Can this equation be solved algebraically?

[seeker]

I know how to solve an equation whose unknown is part of an exponent, however if that unknown also appears elsewhere, can you still solve it algebraically? Or must it be solved numerically, using Newton's clever algorithm? Here is the equation that has stymied me:
22=(9.8/x)*(1-e^(-3x))
If it can be solved algebraically, please be very specific about the steps, if you don't mind.

 

[Deleted member 4993]

I know how to solve an equation whose unknown is part of an exponent, however if that unknown also appears elsewhere, can you still solve it algebraically? Or must it be solved numerically, using Newton's clever algorithm?
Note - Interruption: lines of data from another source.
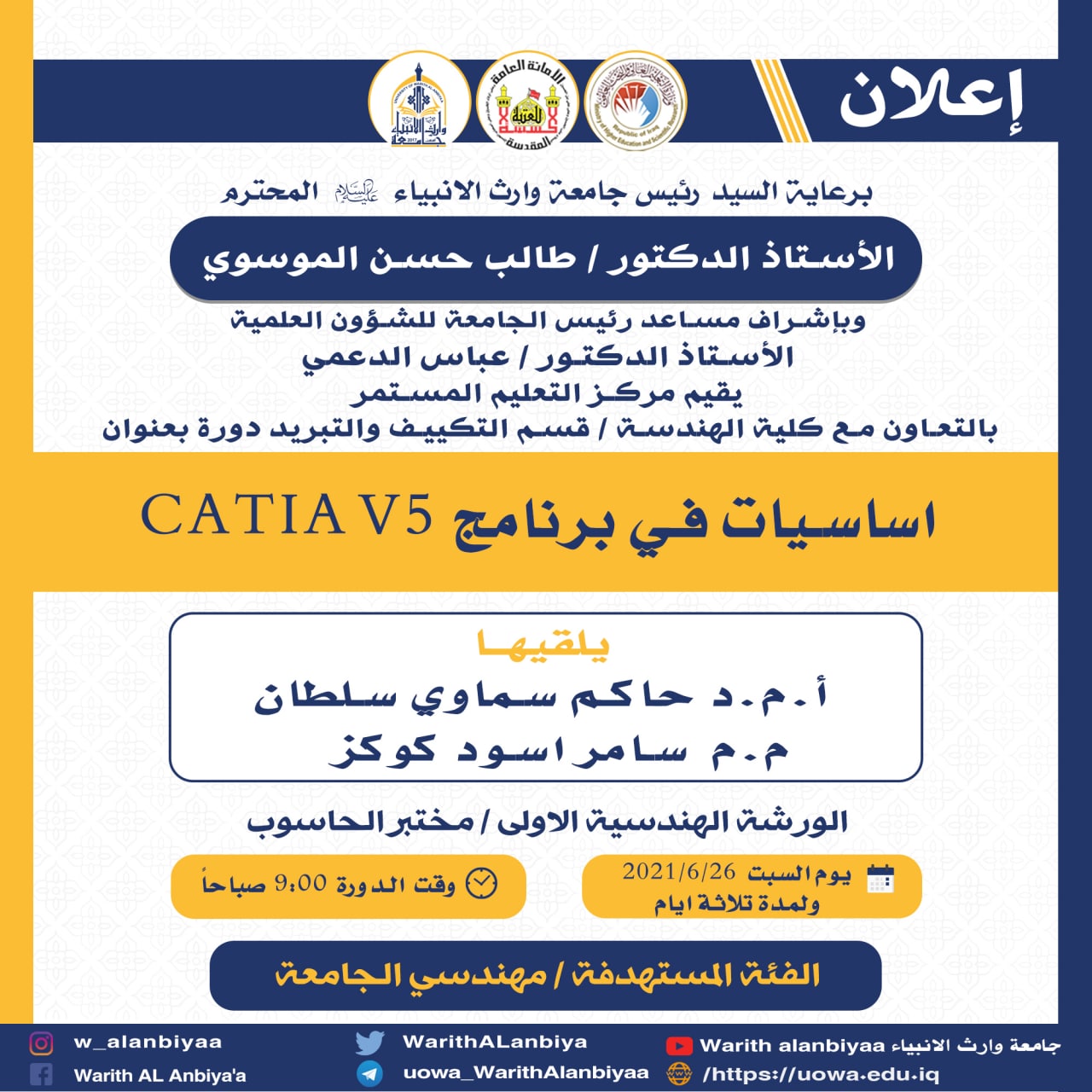 حرصاً من القائمين على جامعة وارث الأنبياء و كُلْيَة الهندسة على تطوير و ضمان جودة المختبرات العلمية شاركت كُلْيَة الهندسة و المتمثلة بكادرها التدريسي في الدورة المقامة من قبل قسم ضمان الجودة و الأداء الجامعي بالتعاون مع قسم التعليم المستمر في جامعة وارث الأنبياء لليوم الأول ليكون الهدف منها تطوير الكوادر التدريسية و الفنية.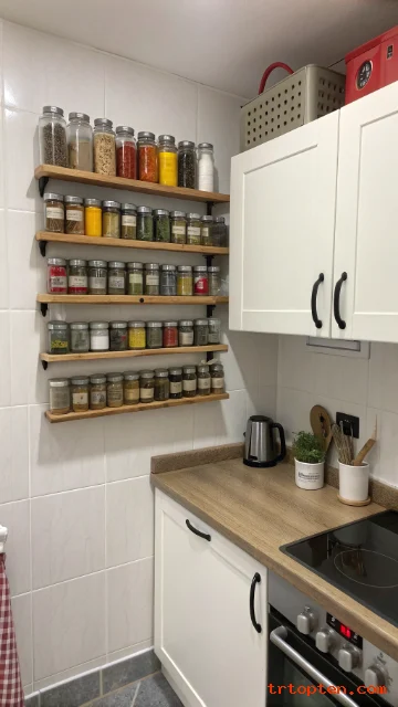 A wall spice shelf looks organized and saves drawer space. Use matching jars or labels for a clean line. Keep the shelf close to the stove for quick cooking.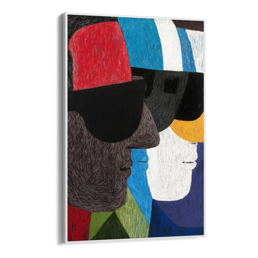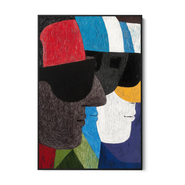 Selles teoses domineerivad värvid on punane, sinine, valge ja must. Esimene nägu esiplaanil on iseloomulik punase mütsi ja mustade prillidega. Teine nägu, mis asub keskel, on sinise ja rohelise toonides, samas kui viimane nägu, mis on rohkem tagaplaanil, on maalitud heledates värvides nagu valge ja helesinine, kollase puudutusega, et rõhutada mõningaid detaile.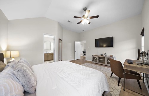 Discover the perfect blend of convenience and comfort in our 3-bedroom, 2-bath Tomball retreat. With two dedicated work desks and 1200 Gbps internet speed, it's an ideal space for remote work, accommodating a family of four with ease. Entertain in style with our full outdoor kitchen and bar, perfect for gatherings. Our smart home features keyless entry, a smart garage, 3 smart TVs, and a Nest thermostat, ensuring a tech-savvy stay. Enjoy the safety of our neighborhood, complete with parks and a community pool. For added peace of mind, we're just a few miles from several hospitals, providing easy access to medical facilities for our medical professionals. Additionally, being part of A-rated Tomball ISD, one of Texas's top school districts, adds an extra layer of reassurance to your stay. Book now and experience the convenience, safety, and comfort of our Tomball retreat – where modern amenities and accessibility to hospitals meet to create a truly exceptional stay.

Here is the equation that has stymied me:


\(\displaystyle 22\, = \, \frac{9.8}{x} \, \cdot (1-e^{-3x})\)<<<< I don't see any closed-form algebraic method of solution

If it can be solved algebraically, please be very specific about the steps, if you don't mind.

 

[seeker]

Thank you for your response, Mr. Khan. May I request a tiny clarification? You used the term closed-form algebraic solution-- am I correct that this would include all sorts of logarithmic manipulations? Is my suspicion correct then, that only a numerical solution is possible, or is there some additional category, beyond closed form algebraic and numerical? And is Newton's algorithm the only numerical method, or have better ones been devised? And by the way, how does a computer program know where to begin the algorithm, how does it estimate the appropriate place for the first iteration?